# Creating Statistical Charts using Plotly

In [1]:
import numpy as np 
import pandas as pd 
import cufflinks as cf 
import chart_studio.plotly  as py 
import plotly.tools as tls 
import plotly.graph_objs as go
import plotly.express as px 

## Creating Histograms

In [5]:
mtcars_source = '../../inputs/mtcars.csv'
cars = pd.read_csv(mtcars_source)

mpg = cars.mpg

In [8]:
hist_fig = px.histogram(mpg, x='mpg')
hist_fig.show()

### Multiple/Overlaid Histograms

In [65]:
cars_subset = cars[['mpg', 'disp', 'hp']]

# Overlaid Histogram
over_hist_fig = go.Figure()
over_hist_fig.add_trace(go.Histogram(x=cars.mpg, name='mpg'))
over_hist_fig.add_trace(go.Histogram(x=cars.disp, name='disp'))
over_hist_fig.add_trace(go.Histogram(x=cars.hp, name='hp'))

# Overlay both histograms
over_hist_fig.update_layout(barmode='overlay', title='Multiple/Overlaid Histograms')
# Reduce opacity to see both histograms
over_hist_fig.update_traces(opacity=0.75)
over_hist_fig.show()



In [62]:
from sklearn.preprocessing import StandardScaler

# Standardize features by removing the mean and scaling to unit variance
cars_data = pd.DataFrame(StandardScaler().fit_transform(cars_subset), columns=list(cars_subset.columns))

# Overlaid Histogram
over_hist_fig = go.Figure()
over_hist_fig.add_trace(go.Histogram(x=cars_data.mpg, name='mpg', marker_color='orange'))
over_hist_fig.add_trace(go.Histogram(x=cars_data.disp, name='disp', marker_color='blue'))
over_hist_fig.add_trace(go.Histogram(x=cars_data.hp, name='hp', marker_color='green'))

# Overlay both histograms
over_hist_fig.update_layout(barmode='overlay', title='Multiple/Overlaid Histograms')
# Reduce opacity to see both histograms
over_hist_fig.update_traces(opacity=0.75)
over_hist_fig.show()

### Subplot Histogram

In [41]:
from plotly.subplots import make_subplots

subplot_fig = make_subplots(rows=2, cols=2)

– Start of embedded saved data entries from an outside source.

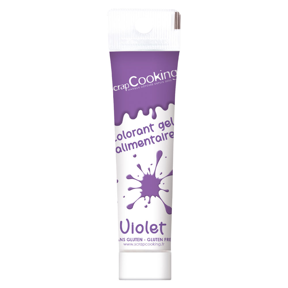 Gelefärg Lila ScrapCooking omfattar ätbar gelfärg på tub till färgning av sockerpasta, tårtor och bakelser. Färgar utan att påverka konsistensen, maxdos 2 gram per kilo. Innehåller 20 gram gelfärg.
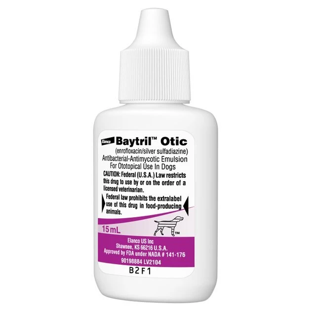 Baytril is an antibacterial solution prescribed by many veterinarians for pets who have an ear infection caused by susceptible bacteria or fungus. It was the first FDA-approved topical solution to treat ear infections in dogs, and it’s a water-based emulsion that also helps to soothe infected ears.
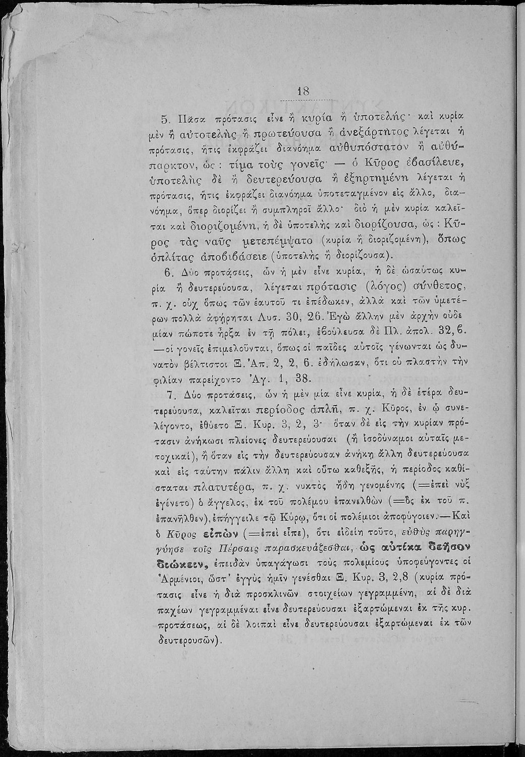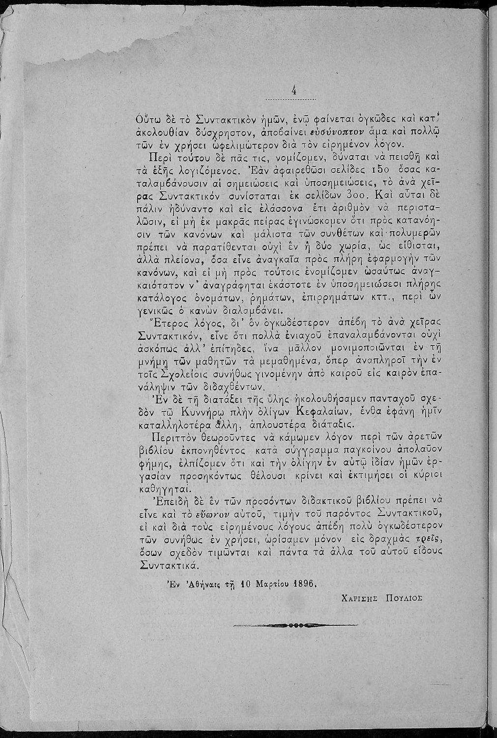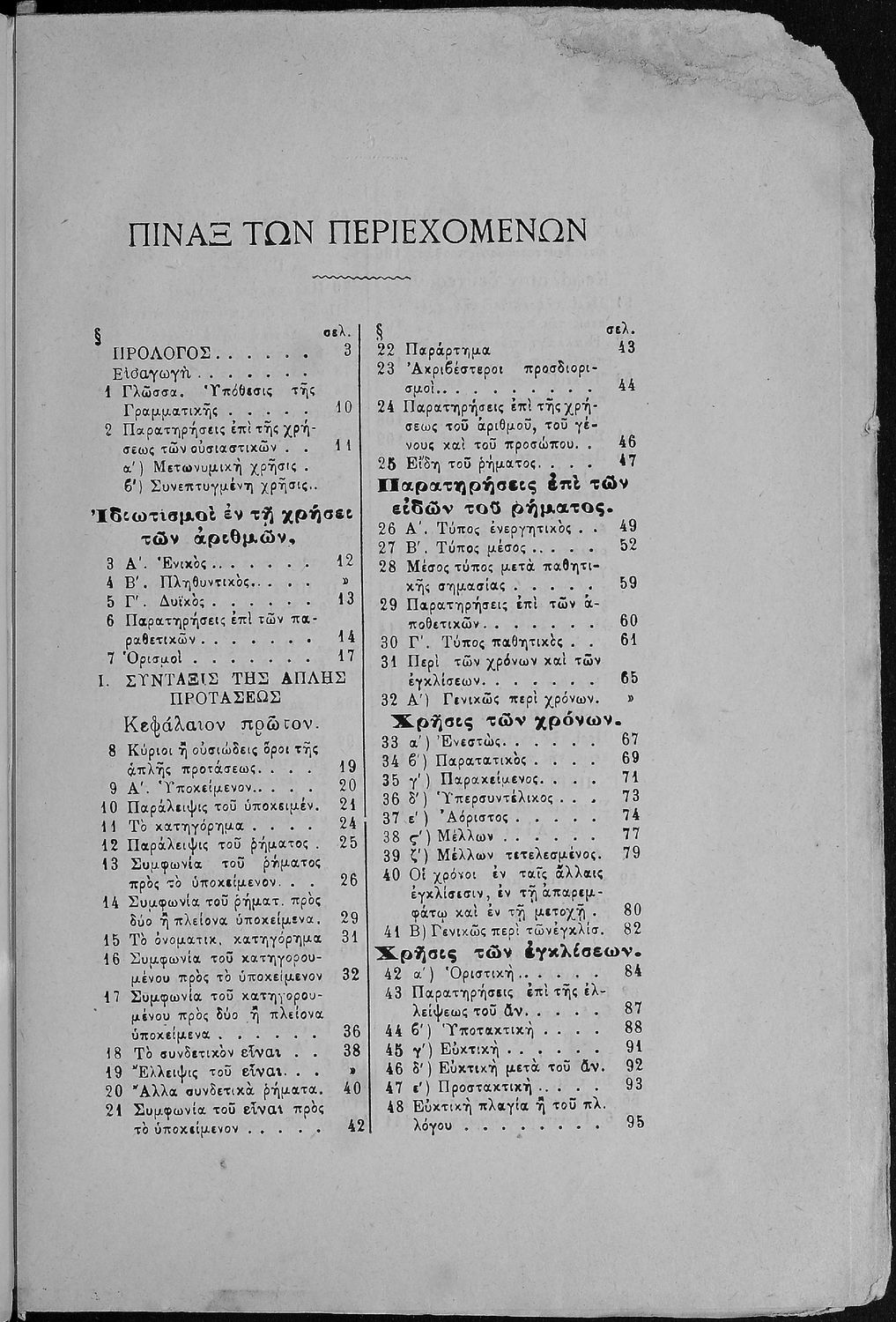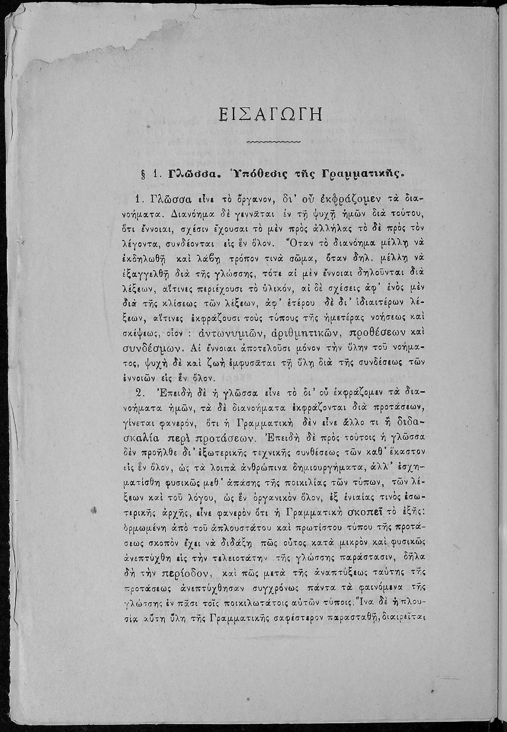 Σχολικό εγχειρίδιο Αρχαίων Ελληνικών για τα Ελληνικά Σχολεία και Παρθεναγωγεία που περιέχει τους κανόνες γραμματικής και είναι χωρισμένο σε φθογγολογικό, τυπολογικό και ετυμολογικό μέρος.

mpg_trace = go.Histogram(x=cars_data.mpg, name='mpg', marker_color='orange')
disp_trace = go.Histogram(x=cars_data.disp, name='disp', marker_color='blue')
hp_trace = go.Histogram(x=cars_data.hp, name='hp', marker_color='green')

subplot_fig.append_trace(mpg_trace, 1, 1)
subplot_fig.append_trace(disp_trace, 1, 2)
subplot_fig.append_trace(hp_trace, 2, 1)

subplot_fig.update_layout(title='Subplot Histogram')

subplot_fig.show()

## Creating Box Plots

In [61]:
box_fig = go.Figure()

box_fig.add_trace(go.Box(y=cars_data.mpg, name='mpg', marker_color='orange'))
box_fig.add_trace(go.Box(y=cars_data.disp, name='disp', marker_color='blue'))
box_fig.add_trace(go.Box(y=cars_data.hp, name='hp', marker_color='green'))

box_fig.update_layout(title='Box Plot')

box_fig.show()

## Creating Scatter Plot

In [60]:
scatter_fig = go.Figure()

scatter_fig.add_trace(go.Scatter(x=cars_data.mpg, y=cars_data.disp, mode='markers', name='mpg', marker_color='orange'))
scatter_fig.add_trace(go.Scatter(x=cars_data.hp, y=cars_data.disp, mode='markers', name='hp', marker_color='green'))

scatter_fig.update_layout(title='Scatter Plot', yaxis={'title': 'Standardized Displacement'})
#scatter_fig = px.scatter(cars_data, x='hp', y='mpg')
scatter_fig.show()

# The more HP the less Miles Per Gallon you have